Hijacked ship claims shrouded in mystery
www.chinaview.cn 2009-09-04 05:55:18   Print

    by David Harris

    JERUSALEM, Sept. 3 (Xinhua) -- This story has all the makings of an international best seller. Its ingredients are a ship with a mysterious cargo, a flotilla of Russian naval vessels, the Israeli Mossad, weapons bound for Iran, an investigative journalist and a whole lot more.

    The Arctic Sea set sail from Finland in July supposedly carrying a cargo of lumber, said to be worth just a couple of million dollars. Its destination was Algeria.

    After just two days the ship was passing through the English Channel, a waterway not exactly known these days for violence and intrigue, when a group of "pirates" boarded her and she "disappeared."

    The Russia navy dispatched several ships to hunt for the Arctic Sea, which was discovered several days later nowhere near Algeria. The ship was located close to Cape Verde, some 500 kilometers off the Senegalese coast.

    It is believed the crew and hijackers were whisked off to Russia to find out exactly what happened. End of story -- seemingly.


    Then, on Aug. 31 Time magazine published an item asking whether the Israeli Mossad intelligence agency was behind the hijacking of the Arctic Sea. Its author, Simon Shuster, quoted experts as saying the ship's payload was actually weapons bound for the Middle East.

    The magazine quoted the European Union's Rapporteur on piracy and a former commander of the Estonian armed forces, Admiral Tarmo Kouts, as the most senior source for the weapons theory.

    The article and subsequent reportage have brought up a series of questions regarding the entire affair: Why did the ship fail to emit a distress signal? Why did Israel's President Shimon Peres make a surprise visit to Moscow the day after the Russian's arrested the hijackers? Was the ship's cargo bound for Iran?

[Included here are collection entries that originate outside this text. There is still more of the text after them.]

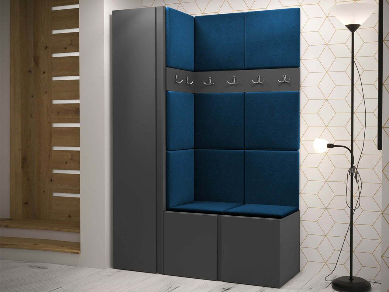 Előszoba garnitúra Zestaw ORION IX (Tavasz IX), Keret színe: Grafit, Puha falpanel színe: Manila 26
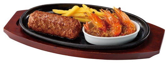 ▲『炭焼きがんこハンバーグ&ガーリックシュリンプ』
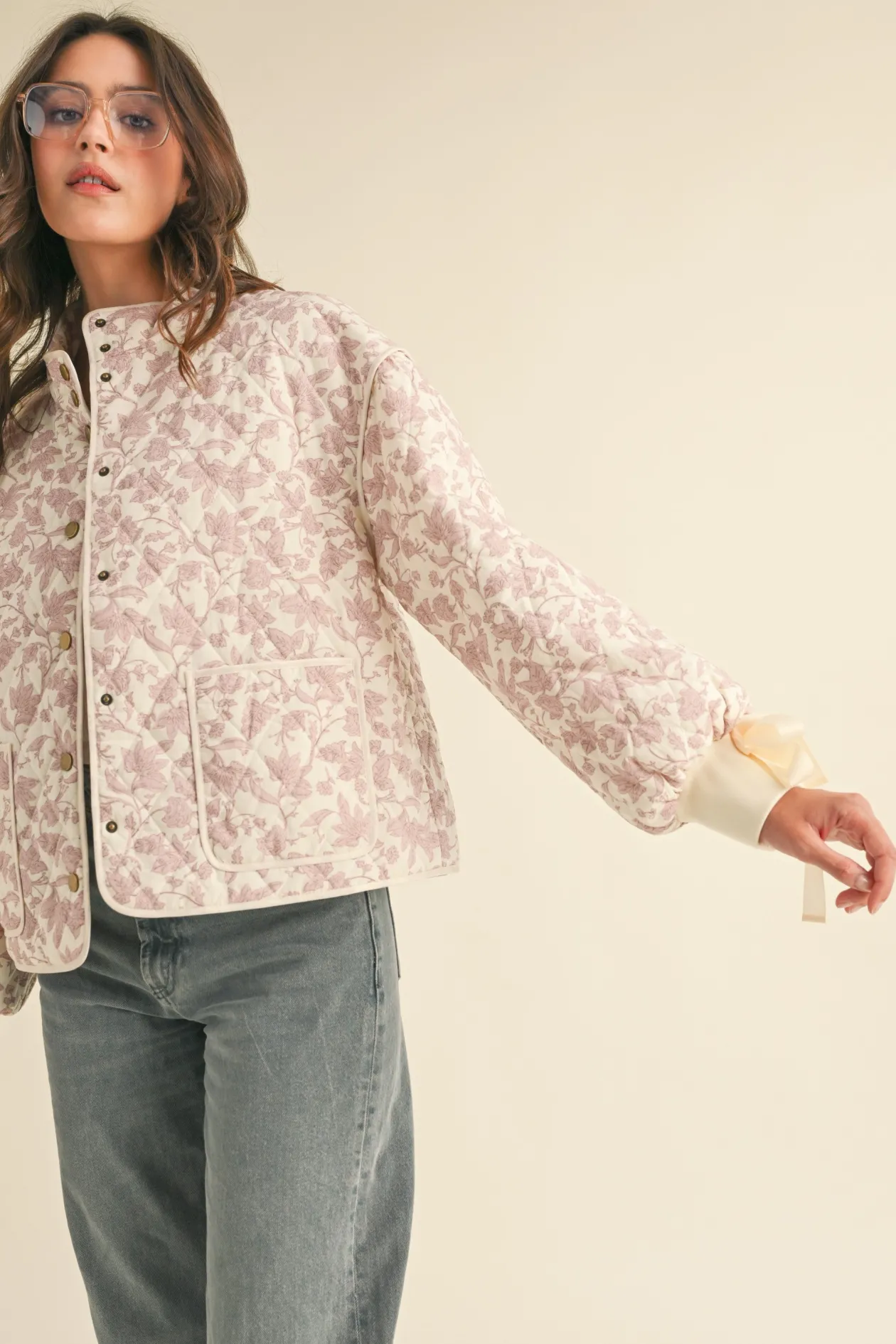 Meet the stylish Eloise Quilted Jacket, featuring a floral pattern with delicate ribbon accents, a stand collar, and a snap button closure. The contrast binding adds a touch of sophistication, while the drop shoulder long balloon sleeves and tying ribbon detail on the cuffs add feminine touch. With patch pockets and a lined interior, this jacket is fashionable and fuctional.
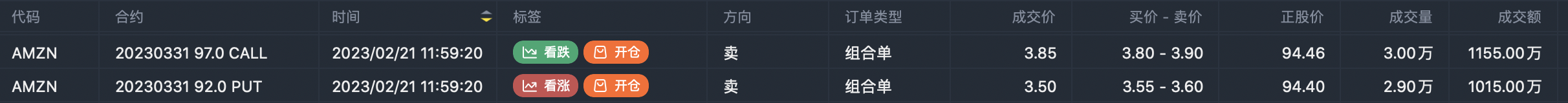 到期日3月31日,如果亞馬遜股價介於92~97之間,那麼這家機構可以直接收穫2170萬權利金。
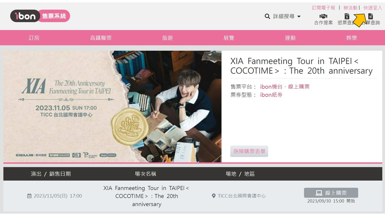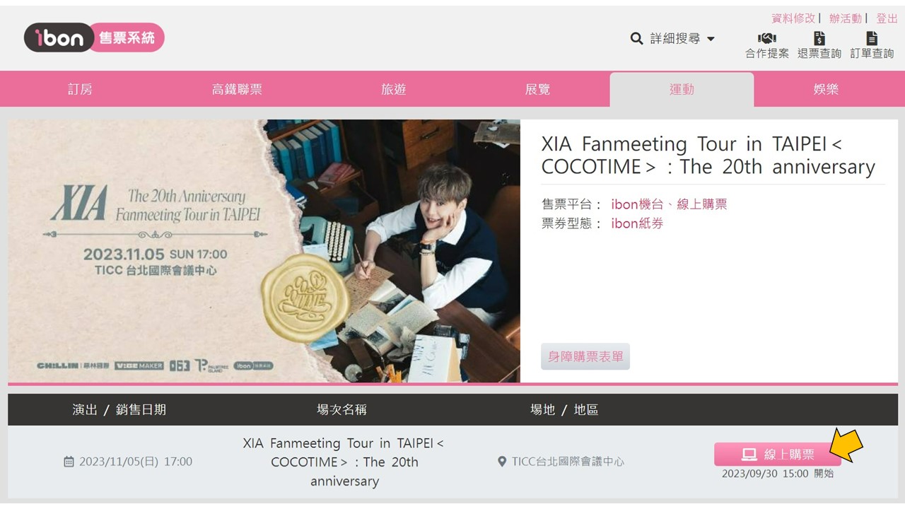 【XIA Fanmeeting Tour in TAIPEI <COCOTIME> :The 20th anniversary】 ibon 網站購票流程
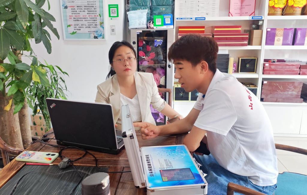 希莱雅山西分公司市场总监王老师给大家讲解了“未病”健康预警系统,介绍了该仪器采用核磁共振的原理来检测身体的健康状态。每位实践队队员都参与了健康检测,在体验的过程中无不惊叹仪器的先进、大健康的神奇以及精准中医辨证分析结果。
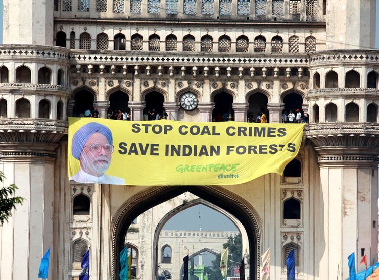 Animal Rights activist Amala Akkineni joins the Greenpeace protest at historic Charminar here by unfurling a banner on the monument on Monday demanding protection of forests from coal mining - INN Photos

    As if all this speculation was not enough to fill a spy novel, the top-selling Israeli newspaper Yediot Aharonot's website published the suggestion on Tuesday that the hijacking was actually carried out by Russia itself.

    The Yediot report claimed the ship set sail from the closed military area of Kalingrad in Russia bound for Finland.

    The Russian government received a tip off about the ship and sent its own team to intercept the vessel, according to the Israeli daily.

    Yediot concluded its news item by pointing out that four years ago Russia signed a deal with the United States and Israel promising not to sell destabilizing weapons to Iran and Syria.


    Both the Russians and Israelis have remained stony silent on the affair, although the hijackers have already appeared in a Russian court to be charged on counts of piracy and kidnapping.

    It is extremely difficult to obtain accurate, reliable information. Organizations that specialize in following piracy are refusing to comment on this incident.

    The International Maritime Bureau, which is based in the United Kingdom, said "we're not actually making any comment about the Arctic Sea due to the limited information that was available."

    Likewise the International Maritime Organization said it does not comment on ongoing issues, particularly when they involve legal proceedings.

    The ship is registered in Malta, where the Maltese Maritime Authority told Xinhua its security committee meets two or three times a week and right now the Arctic Sea is most certainly on the agenda.

    "The Committee would like to clarify that the movements of the Arctic Sea were always known for several days, notwithstanding reports that the ship had 'disappeared.' There was consensus amongst the investigating authorities of Finland, Malta and Sweden not to disclose any sensitive information in order not to jeopardize the life and safety of the persons on board and the integrity of the ship," the Maltese authority said in an earlier statement.

    The Maltese believe those detained in relation to the hijacking were Estonian, Latvian and Russian nationals.

    That does not entirely rule out the possibility that those involved were Israeli agents. Mossad operatives have been known to use foreign passports in the past and it is believed the organization actively recruits non-Middle-Eastern-looking Israelis for some of its missions.


    The Middle-Eastern angle apart, this incident brings up a series of questions for maritime security experts in Europe. It is now being widely reported the hijacking of the Arctic Sea is the first act of piracy in European waters in many years.

    Ships' crews are now well aware of basic security measures on board their ships that comply with the International Ship and Port Facility Security Code, which came into force five years ago. The code lays out steps that should be taken to "detect security threats and take preventative measures against security incidents affecting ships or port facilities used in international trade."

    However, that does not leave crews equipped to deal with hijackers and kidnappers, according to Geoffrey Greaves, the general manager of the security consultancy International Maritime Security.

    "(The code) is only for deterrence and preventive security but nobody on board is trained to fight hostage takers or armed attackers," Greaves said. If there is such a perceived threat external security experts are brought aboard.